# Complex Document Classification
For a more complex document classification task, we can consider using a larger dataset and a neural network model, such as a Convolutional Neural Network (CNN) or a Long Short-Term Memory (LSTM) network. These models are well-suited for text classification tasks, especially when dealing with large datasets.


**for simple document classification ---> using TF-IDF & Naive Bayes Classifier**


**for complex document classification ---> using Long Short-Term Memory (LSTM)**

One such dataset is the "Jigsaw Multilingual Toxic Comment Classification" dataset available on Kaggle. It contains comments from various online platforms and is labeled for toxicity. However, for this example, I will use a simpler dataset due to accessibility and ease of use in an example. Let's use the "IMDb Movie Reviews" dataset, which is large and commonly used for text classification tasks. It contains movie reviews, labeled as positive or negative.




In [1]:
# Setup and Data Loading
# Import necessary libraries
import numpy as np
import tensorflow as tf
from tensorflow.keras.preprocessing import sequence
from tensorflow.keras.models import Sequential
from tensorflow.keras.layers import Dense, Embedding, LSTM
from tensorflow.keras.datasets import imdb

# Set parameters for the dataset and model
max_features = 20000  # number of words to consider as features
maxlen = 80  # cut texts after this number of words
batch_size = 32

# Load the IMDb dataset
print("Loading data...")
(x_train, y_train), (x_test, y_test) = imdb.load_data(num_words=max_features)
print(len(x_train), 'train sequences')
print(len(x_test), 'test sequences')

# Pad sequences for consistency
print('Pad sequences (samples x time)')
x_train = sequence.pad_sequences(x_train, maxlen=maxlen)
x_test = sequence.pad_sequences(x_test, maxlen=maxlen)
print('x_train shape:', x_train.shape)
print('x_test shape:', x_test.shape)


Loading data...
Downloading data from https://storage.googleapis.com/tensorflow/tf-keras-datasets/imdb.npz
25000 train sequences
25000 test sequences
Pad sequences (samples x time)
x_train shape: (25000, 80)
x_test shape: (25000, 80)


In [2]:
# Building the LSTM Model

# LSTM model architecture
print('Building model...')
model = Sequential()
model.add(Embedding(max_features, 128))
model.add(LSTM(128, dropout=0.2, recurrent_dropout=0.2))
model.add(Dense(1, activation='sigmoid'))

# Compile the model
model.compile(loss='binary_crossentropy',
              optimizer='adam',
              metrics=['accuracy'])


Building model...




In [3]:
# Training the Model
# Train the model
print('Train...')
model.fit(x_train, y_train,
          batch_size=batch_size,
          epochs=15,
          validation_data=(x_test, y_test))


Train...
Epoch 1/15
Epoch 2/15
Epoch 3/15
Epoch 4/15
Epoch 5/15
Epoch 6/15
Epoch 7/15
Epoch 8/15
Epoch 9/15
Epoch 10/15
Epoch 11/15
Epoch 12/15
Epoch 13/15
Epoch 14/15
Epoch 15/15


<keras.src.callbacks.History at 0x7aade21c71f0>

In [4]:
# Evaluating the Model
# Evaluate the model
score, acc = model.evaluate(x_test, y_test,
                            batch_size=batch_size)
print('Test score:', score)
print('Test accuracy:', acc)


Test score: 1.0700082778930664
Test accuracy: 0.813319981098175


Here are some common types of visualizations for model evaluation:

- Training and Validation Loss over Epochs:

This line chart shows the training and validation loss over each training epoch. It helps you assess whether your model is overfitting or underfitting.

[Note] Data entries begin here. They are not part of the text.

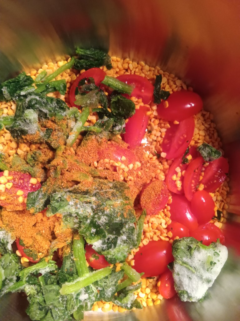1. Am pus o lingură de ulei de măsline în vasul de inox. Am adăugat lintea, roșiile tăiate în jumătate, spanacul înghețat și condimentele.
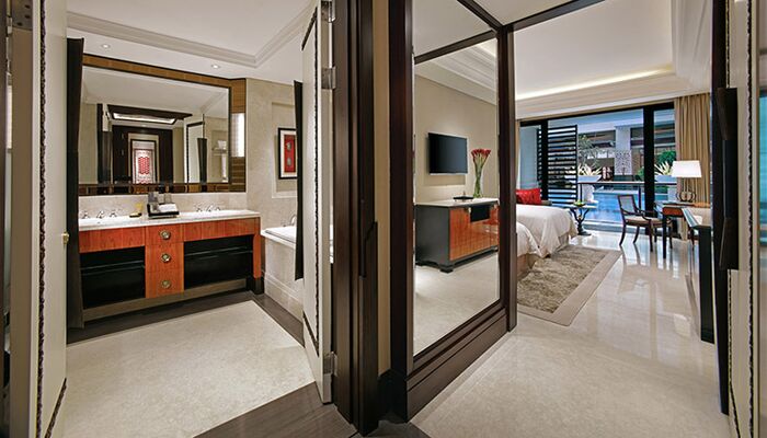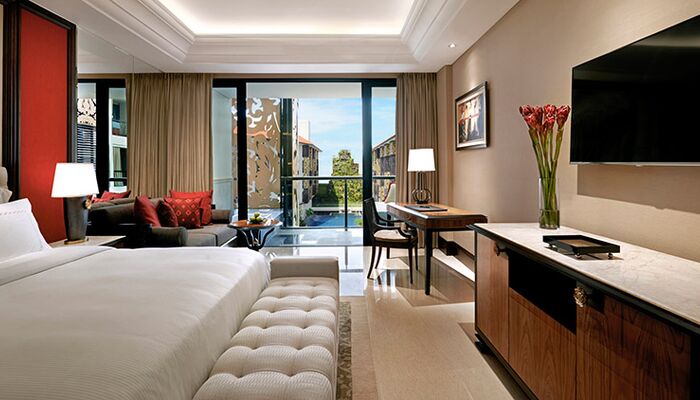 Pour une expérience VIP irréprochable, passez à une chambre Premier Club de 65 m² et bénéficiez d`un accès aux privilèges spéciaux. Découvrez l`ultime escapade dans une chambre luxueuse dotée du meilleur design balinais contemporain et d`un grand balcon avec méridienne et jacuzzi privé. Chaque chambre dispose d`un accès au service STAR à une touche qui garantit une assistance sans effort pour des tâches allant de la réservation au restaurant, au repassage des vêtements, etc. Profitez d`un bain romantique tout en profitant de la piscine de plage de sable blanc, de l`imposante cascade et du jardin tropical qui complèteront le paysage idyllique de votre chambre.
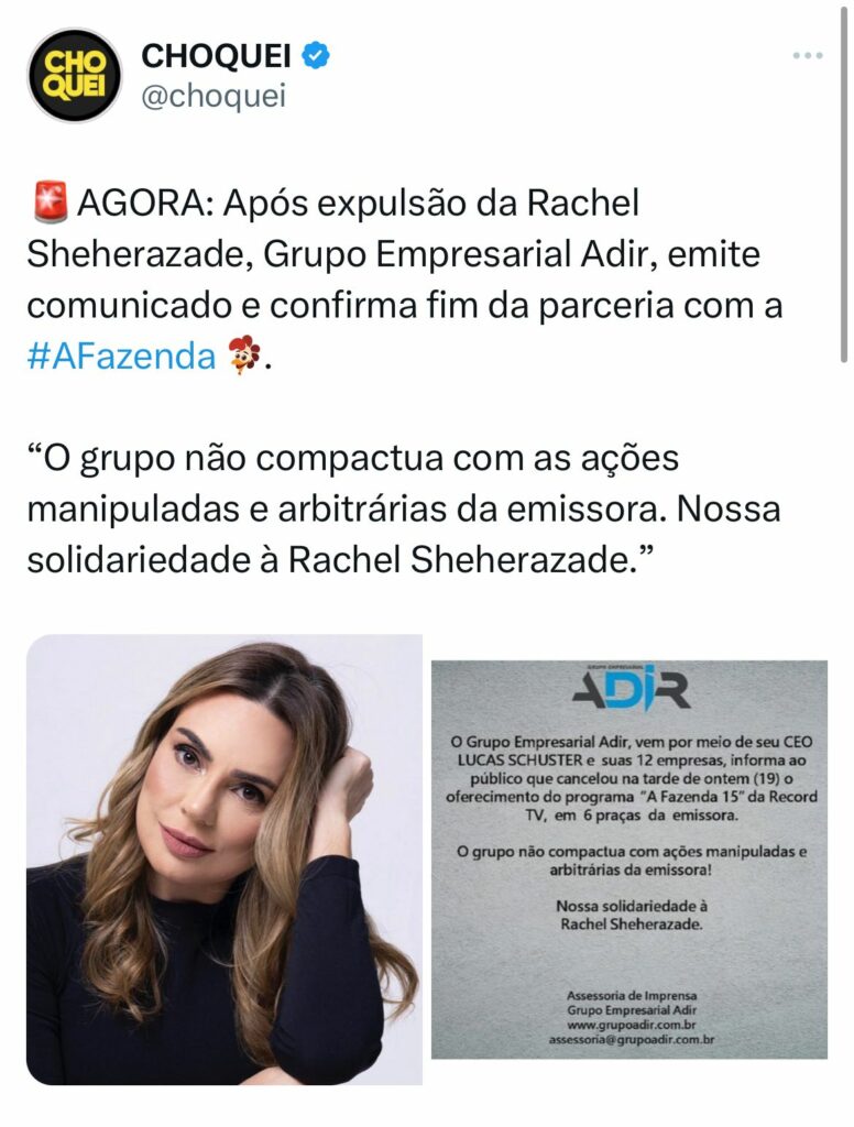 “O Grupo Empresarial Adir, vem por meio de seu CEO Lucas Schuster e suas 12 empresas, informa ao público que cancelou na tarde de ontem (19) o oferecimento do programa “A Fazenda 15” da Record TV, em 6 praças da emissora. O grupo não compactua com ações manipuladas e arbitrárias da emissora! Nossa solidariedade à Rachel Sheherazade”, declarou o comunicado.
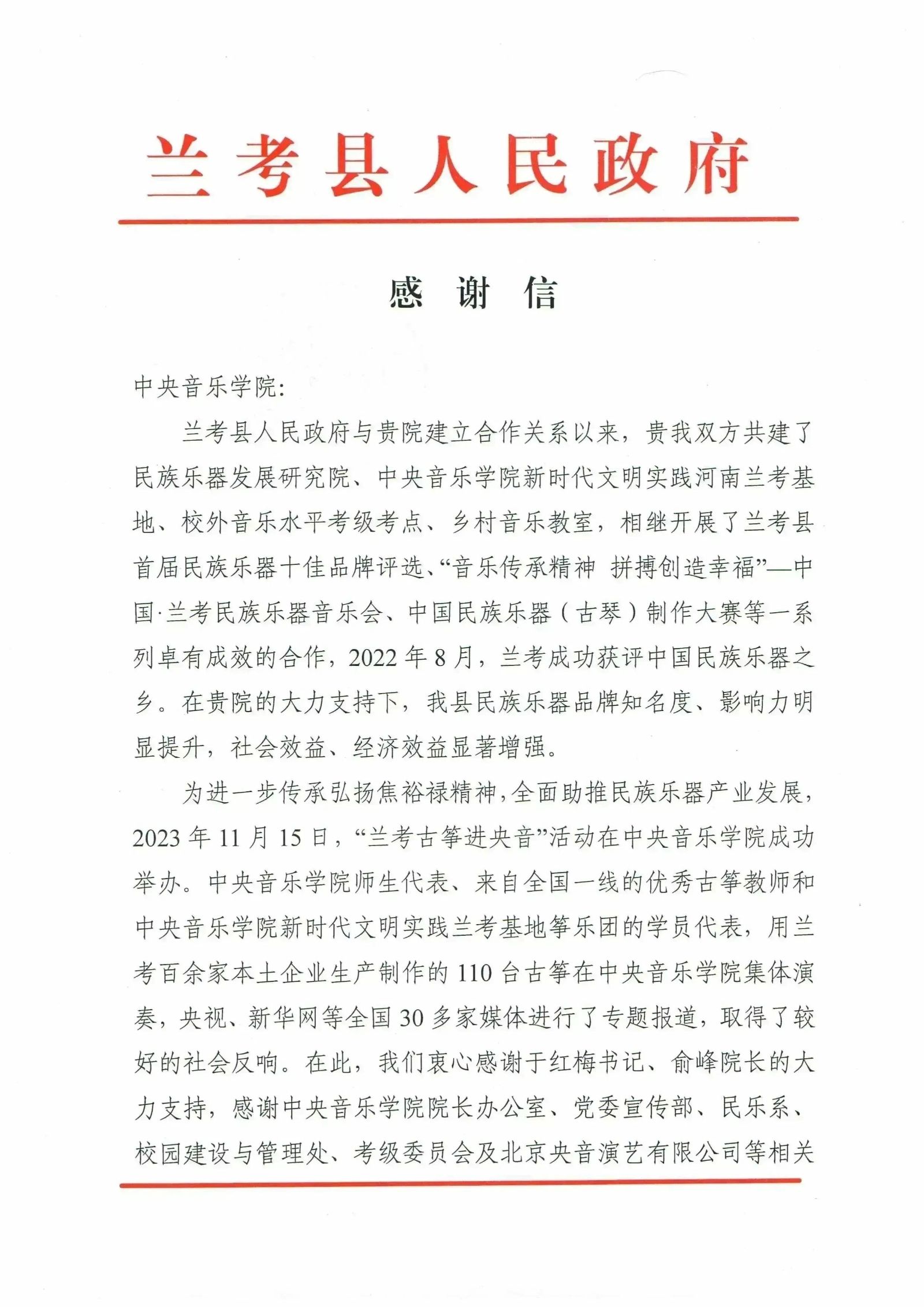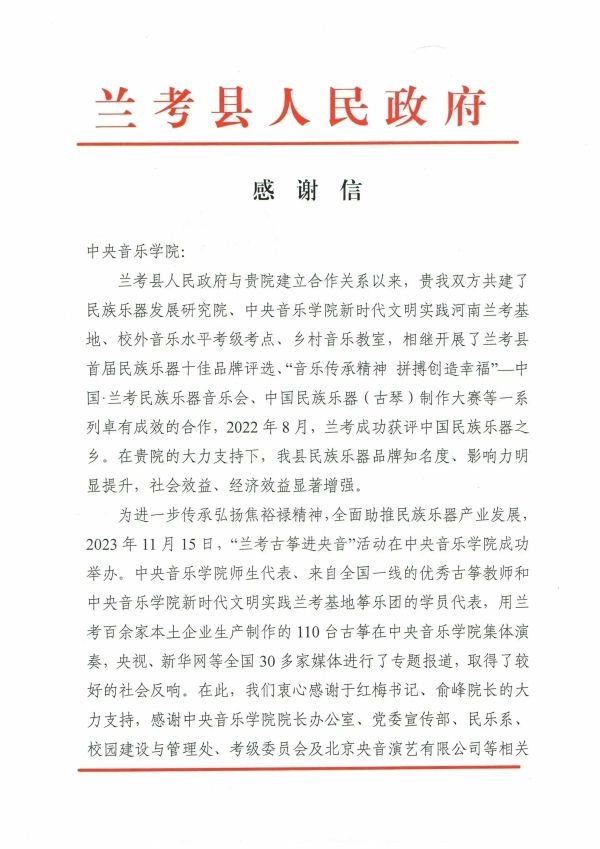 近日,兰考县人民政府向best365致信,对学校的大力支持表示感谢。自兰考县人民政府与best365中国官方网站建立合作关系以来,学校积极发挥专业人才资源优势,成立新时代文明实践河南兰考基地,派驻文艺宣讲师常驻当地,设立兰考央音校外音乐水平考级考点,与兰考县人民政府共同设立民族乐器发展研究院,举办“兰考古筝进央音”等活动等,推进了兰考县美育工作的做深做实,助推了兰考民族乐器产业的蓬勃发展,生动践行了“艺术服务人民”的宗旨,弘扬了焦裕禄精神。
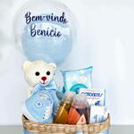 Este encantador kit de cesta de maternidade é um presente incrível para celebrar a chegada de um novo bebé. Completo com um balão personalizado, um delicioso sabonete, um cesto prático, um brinquedo de pelúcia fofo, um adorável par de sapatinhos, cotonetes Johnson em caixa, um pacote de lenço umedecido e um conjunto de shampoo e condicionador - este presente carregado de amor e utilidade é o pacote perfeito para acolher o novo integrante da família!
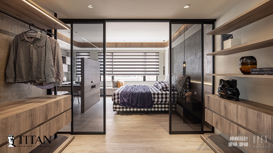 ▲主臥床頭選用質感沉穩的灰色斯曼特漆,並於天壁內凹側、櫃面和電視半牆陳貼木皮,打造靜謐安穩的睡眠場域;更衣間入口裝設清玻鐵件拉門,不僅放大此處空間感更引入戶外陽光,結合柔和的反間接照明,營造豐富的光影層次。
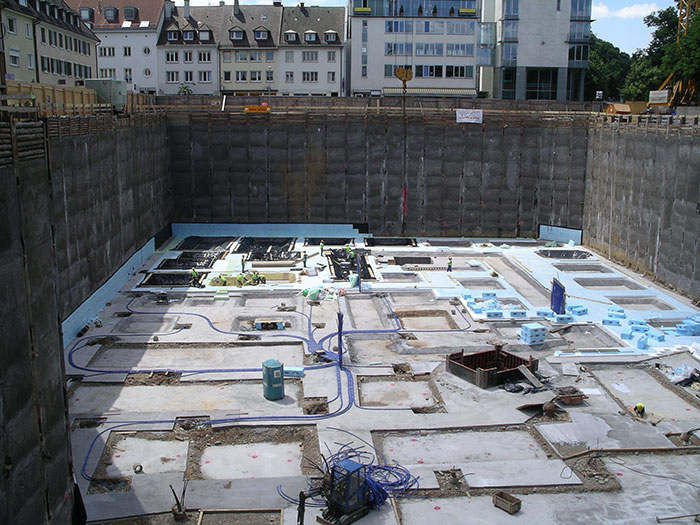 Die Gründung erfolgt über eine elastisch gebettete Bodenplatte mit darunterliegenden und von der Tragstruktur entkoppelten Geothermiebohrungen.

- Training and Validation Accuracy over Epochs:

Similar to the loss chart, this line chart displays the training and validation accuracy over each epoch. It helps you understand how well your model is performing on the training and validation data.

- Confusion Matrix:

A confusion matrix is a table that helps you visualize the performance of a classification model. It shows the number of true positives, true negatives, false positives, and false negatives. You can create a heatmap to display this information.

- ROC Curve and AUC:

If your problem is binary classification, you can create a Receiver Operating Characteristic (ROC) curve and calculate the Area Under the Curve (AUC). This curve helps you evaluate the trade-off between true positive rate and false positive rate at different thresholds.

- Precision-Recall Curve:

This curve is useful for imbalanced datasets and shows the trade-off between precision and recall at different thresholds. It helps you choose an appropriate threshold for your classification task.

- Histogram of Predictions:

A histogram can be used to visualize the distribution of predicted probabilities or scores for each class. It can help you understand how confident your model is in its predictions.

- Box Plot of Prediction Scores:

A box plot can help you visualize the spread of prediction scores for each class, providing insights into the model's uncertainty.